I stare at the plate as he opens the wine. “I hate to ruin your fancy dinner party, but it’s a grilled cheese.”
He arches a brow and starts to fill the glasses. “In Paris it is Un Croque-Monsieur.”
“In California it is a grilled cheese. Only you did it wrong. The cheese is supposed to be on the inside.”
I don’t know why I’m being so combative and petty about this. It’s just a freaking sandwich, but I don’t want to relax my guard and I’m not exactly certain why I am here eating with him.
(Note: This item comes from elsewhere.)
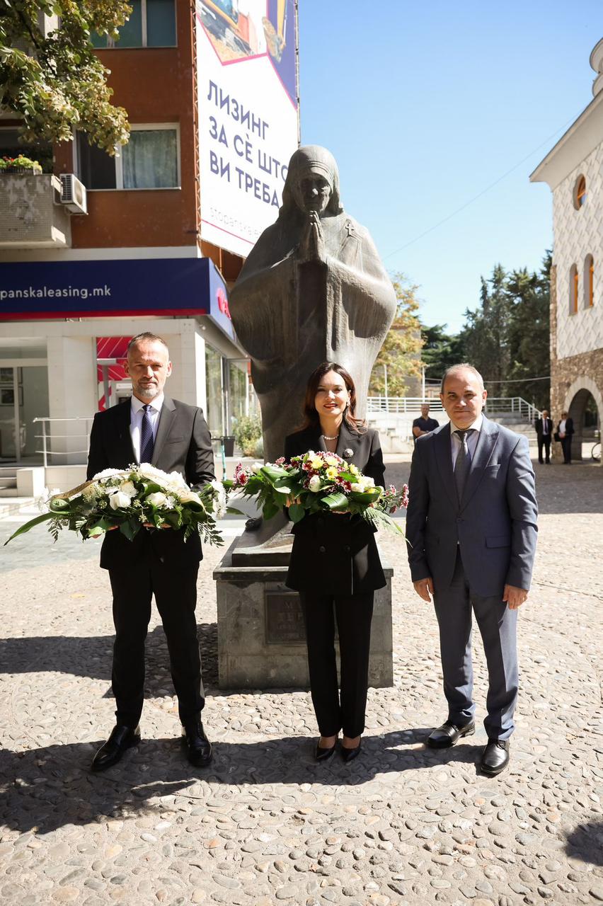“Nuk mund të vija në Shkup dhe të mos ndaloja për të vendosur një buqetë me lule në Shtëpinë Përkujtimore të Nënë Terezës, shenjtores sonë, bijës më të shquar të kombit shqiptar që i përket të gjithë botës.”, u shpreh Spiropali.

He takes a bite and studies me with curiosity. “Haven’t you ever been to Paris?”
I pick at the layers of my sandwich, trying to figure out what’s different. “I’ve hardly been out of California.”
“You don’t travel with Jack?”
“Jack hardly talks to me. Why would he have me travel with him?”
I regret that comment the second it’s out because it makes me sound pouty and little girlish. His eyes fix on me like a laser. I take a bite of my sandwich, and then a sip of the wine.
“It’s the Gruyère cheese,” he explains, smiling over his wine glass before taking a sip. “That’s what’s different.”
I watch as he downs two thirds of his wine. “So much for recovery. Why are you drinking?”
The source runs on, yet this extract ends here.